When if a foreach loop, the $_ variable is aliased to each element of the 
array.  Changing $_ in any way will change the corresponding variable in the 
array.

What you are doing above is using the implicit $_ variable.

Since you don't include the actual 'do something' code I can't be _certain_ 
but from the sample you gave you are also using the $_ variable in the while 
loop.

my $counter=0;
while (<$in>){ #### here $_ is repetitively set to the content of each line 
of the file, thus changing @dir
    $counter++;
    print $counter, ' ';
}

It is probable that you have one ot more blank lines in one or more of the 
files....

You either need to localise the $_ variable in the while loop or explicitly 
declare and use a named variable in the foreach loop.

foreach my $file (@dar){
    open (my $in, '<', $file) or die($!);
    # do stuff
    close $in;
}

etc etc etc

HTH

P
-- 
print "Just another Perl Hacker";




------------------------------

Date: Thu, 20 Jan 2005 14:29:25 -0800
From: Jim Gibson <jgibson@mail.arc.nasa.gov>
Subject: Re: does foreach (@list) alter @list??
Message-Id: <200120051429251683%jgibson@mail.arc.nasa.gov>

In article <maWdneQiKfU-tW3cRVnyjQ@scarlet.biz>, Hendrik Maryns
<hendrik_maryns@despammed.com> wrote:

[ problem description, diagnostic message about uninitialized value
snipped]

> use strict;
> use warnings;
> use diagnostics;
> 
> my @dir= <*.pos>;  # feel free to change this for testing purposes
> 
> for (@dir){
>  open(my $in, '<', $_)||die($!);
>     # do something
>  close $in;
> } #endfor
> 
> # @dir= <*.pos>;
> 
> for (@dir){
>  open(my $in, '<', $_ )||die($!);
>     #do something else
>  close $in;
> } #endfor
> 
> So my question is: how come?  Where does @dir get altered, or how come 
> $_ is undefined there.

You are running afoul of the implicit loop-aliasing feature. In a for
loop, the loop variable is set to an alias of each member of the list
in turn. You are using the default loop variable $_. If you modify $_,
you are modifying the list element itself. You probably have something
inside your loop that modifies $_. A while{ <$in> } would do that,
since it also uses $_ as a default loop variable.

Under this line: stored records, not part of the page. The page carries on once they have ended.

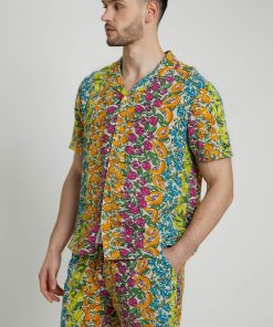 Elevate your look with the playful fruit print design, adding a pop of colour and personality to your outfit. Whether paired with denim shorts or matching printed shorts, the Etaerio Fruit Printed Ecovero Viscose Shirt is sure to brighten up your day with its cheerful aesthetic.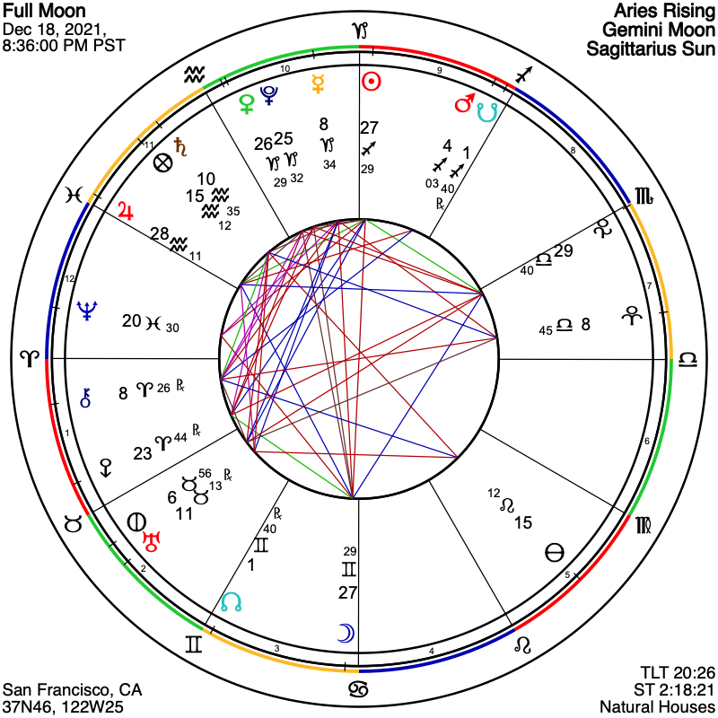 The Gemini Full Moon, taking place on Saturday evening, December 18th, at 8:36 PM PST, later evening to early morning on the 19th for points east, represents another potent lunation. Coming at the midpoint of the December lunation cycle that was kicked off by the solar eclipse of December 3rd and 4th, and equally reflecting these rather intense times that we are currently living through on both individual and collective levels, this Full Moon is oriented toward a thorough-going metamorphosis of our energy for intimate connection with others and with ourselves. It features stationing Venus in close conjunction with transformational Pluto and highlighted by the Sun and Moon, while Saturn and Uranus are closely square at this timing also, by far less than one degree, thus indicating the vast chasm between conservative and progressive attitudes in the culture and in each of our own individual lives as well. Then, too, there is also a strong presence of Chiron, the Wounded Healer, about to station to direct motion the next day, on December 19th, emphasizing our internal wounding, the likely residue of early trauma, and our capacity to heal the issues. This is a very significant configuration, made especially so by the long-term Venus-Pluto conjunction that will affect everyone, most particularly those with planets or sensitive point in their charts in late degrees of Cardinal signs.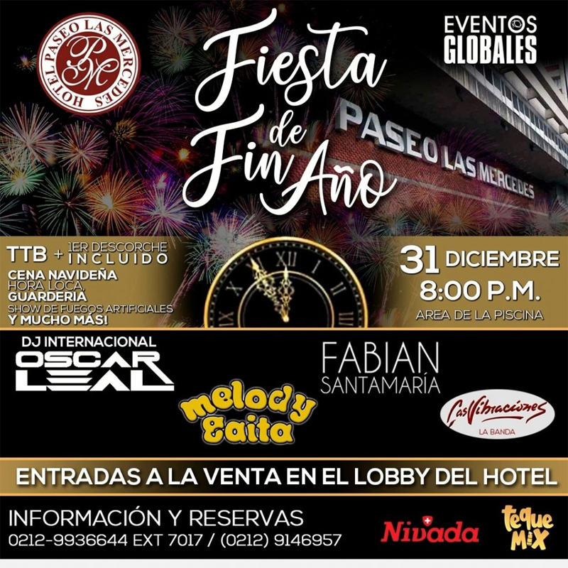 El Intercontinental Tamanaco ofrece para el 31 una cena navideña con un menú de entrada, plato principal y postre. Con un Dj podrán bailar y disfrutar toda la noche además de un saxofonista, hora loca con cotillón, las 12 uvas para los deseos y más. Asimismo, también ofrecen precios de promoción para quienes deseen alojarse en el hotel y amanecer para el 1ero de enero disfrutar de la piscina y el brunch.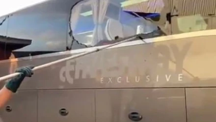Οι «μερένγκες» βρίσκονταν καθ' οδόν για το γήπεδο, στους γύρω δρόμους υπήρχε κόσμος και δυστυχώς μια μερίδα από αυτούς πέταξε αντικείμενα και προκάλεσε φθορές στο πούλμαν της ομάδας.

Use an explicit loop variable in each case and do not modify it:

   for my $file ( @dir ) {
      open( my $in, ... );
      while( my $line = <$in> } 
         ...
      }
   }

See perldoc perlsyn "Foreach Loops"


----== Posted via Newsfeeds.Com - Unlimited-Uncensored-Secure Usenet News==----
http://www.newsfeeds.com The #1 Newsgroup Service in the World! >100,000 Newsgroups
---= East/West-Coast Server Farms - Total Privacy via Encryption =---


------------------------------

Date: Thu, 20 Jan 2005 22:32:50 -0000
From: "David K. Wall" <dwall@fastmail.fm>
Subject: Re: does foreach (@list) alter @list??
Message-Id: <Xns95E4B27FA29D5dkwwashere@216.168.3.30>

Hendrik Maryns <hendrik_maryns@despammed.com> wrote:

> use strict;
> use warnings;
> use diagnostics;
> 
> my @dir= <*.pos>;     # feel free to change this for testing
> purposes 
> 
> for (@dir){
>      open(my $in, '<', $_)||die($!);
>           # do something
>      close $in;
>} #endfor

If you do something to $_ inside this loop, then yes, that will alter 
the current element of @dir.  See the section on foreach loops in 
perlsyn.

It's better to do something like this:

    for my $d (@dir) {
        # do stuff with $d
    }

Then you don't have to worry about what you do to $_.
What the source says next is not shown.